Il corpo umano si è evoluto (non è progettato) con l’obiettivo di assolvere a specifici compiti e funzioni che nel corso dei millenni lo hanno strutturato nel modo in cui lo conosciamo oggi (la forma segue la funzione).
Il cervello, e di conseguenza il corpo, riconosce la funzione. Ovvero quell’insieme di azioni messe in atto da diversi segmenti del corpo che devono essere tra loro coordinate (sia come timing di attivazione che come distribuzione delle forze) e che cooperino in modo da assolvere quello specifico compito.
Un movimento che “funzioni”, sia nella quotidianità che in una gestualità specifica, sportiva, occupazionale o estetica che sia, si sviluppa “sempre” su piani diversi (multi-planare) e coinvolge più articolazioni (multi-articolare).
Questo principio, non scoperto certo dal “functional training” degli ultimi anni, ci impone una riflessione attenta e il più rigorosa possibile riguardo l’approccio all’allenamento, alla sua funzione e alle metodiche che di volta in volta si scelgono per realizzarne i benefici.
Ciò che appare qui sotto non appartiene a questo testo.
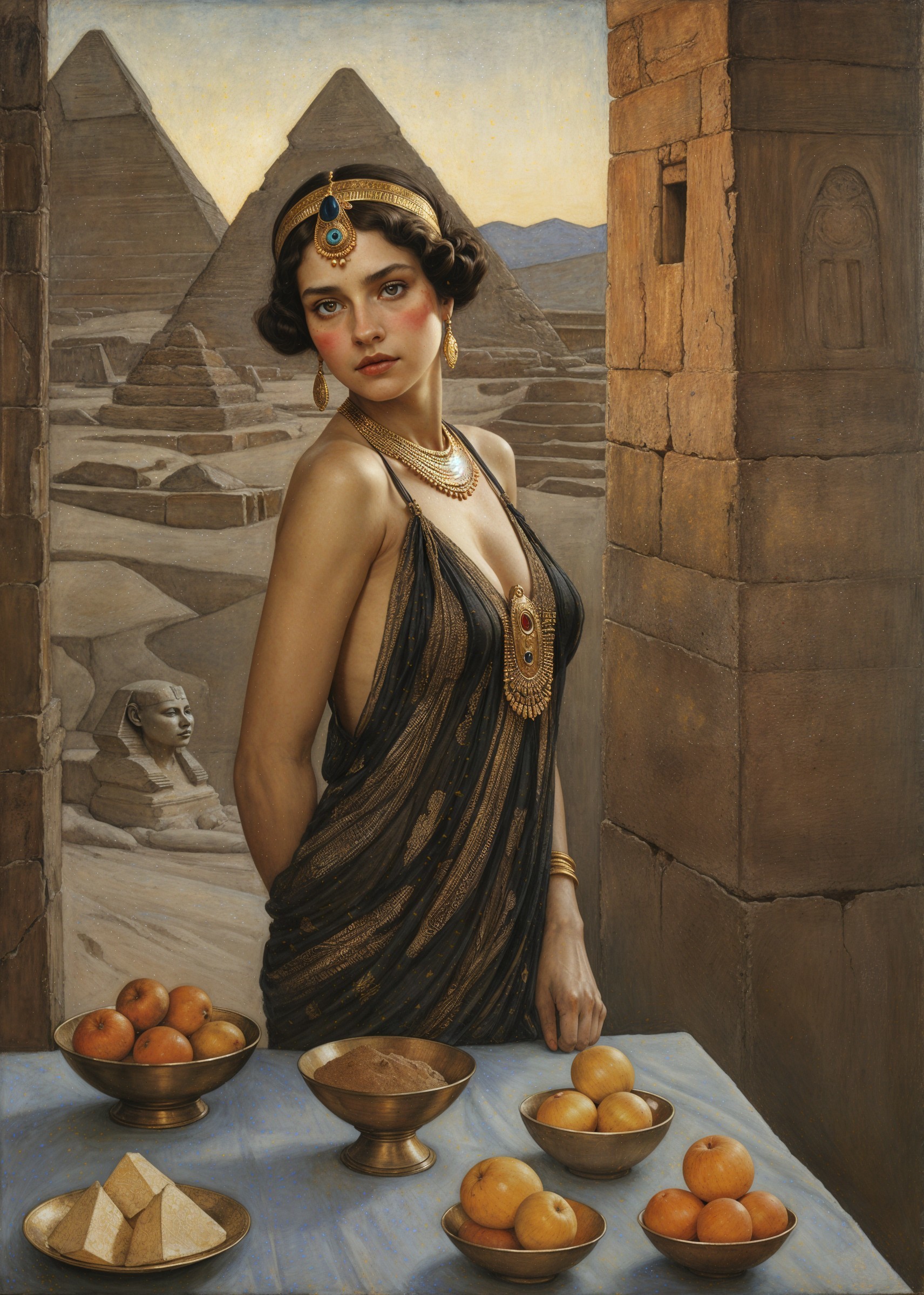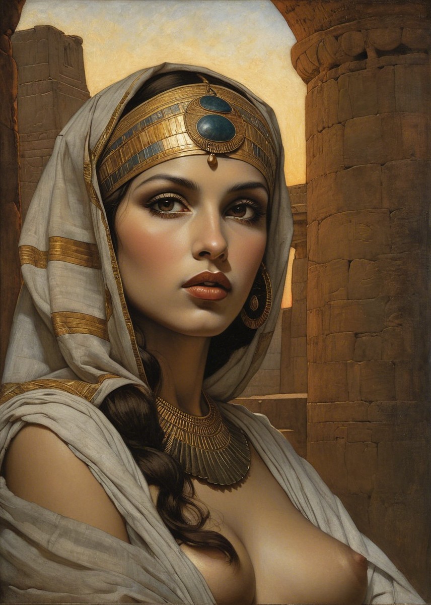 A captivating portrait of a woman with striking features, adorned in luxurious fabrics and intricate jewelry. Her gaze is intense, framed by a delicate headscarf and elegant accessories.

In questa ottica, quanto è corretto parlare di “esercizio” o meglio ancora parlare di “un” esercizio in particolare (come troppo spesso si sente o si legge) come -l’esercizio- valido per quel tipo di risultato? Sarebbe come voler comprendere la trama di un film da un singolo fotogramma.
Il corpo “funziona” come un’unica struttura coordinata su più piani contemporaneamente mentre un “esercizio” potrebbe non esserlo.
In più la -struttura corpo- potrebbe avere delle limitazioni proprie e differenti da un altro (principio della diversità interindividuale) e questo renderebbe un esercizio più adatto a qualcuno piuttosto che a qualcun altro.
Il movimento non è quasi mai codificato, spesso asimmetrico e quasi sempre risponde a necessità momentanee mentre l’esercizio è ingabbiato da parametri tecnico-esecutivi o, peggio ancora, da macchinari.
L’esercizio di per sé non è quasi mai la soluzione ma bensì uno strumento attraverso il quale poter “migliorare” la risposta di una specifica azione parte di un movimento (il fotogramma in un filmato).
L’esercizio è quella parte che viene estratta da un movimento, che viene rielaborata, ottimizzata e subito reinserita nello stesso contesto motorio.
Allenare il movimento dovrebbe diventare la priorità. Cominciare a trasformare il nome degli esercizi in “verbi” che raccontino un’azione potrebbe essere il primo passo in questo percorso (abbassarsi, alzarsi, spingere, tirare, salire, girarsi, ecc.).
Il secondo passo, quello di utilizzare “verbi” seguiti da un “fine” specifico (abbassarsi a raccogliere, spingere per aprire, scavalcare quell’ostacolo, ecc.).
Allora sì che l’esercizio tornerebbe ad avere il suo posto ed il suo fondamentale ruolo nell’educazione al movimento. Tornerebbe ad essere lo strumento attraverso il quale il movimento viene ri-abilitato e grazie al quale il corpo riacquisirebbe il suo linguaggio più corretto.
Solo una visione questa, forse nemmeno la più giusta ma certamente sentita e sincera.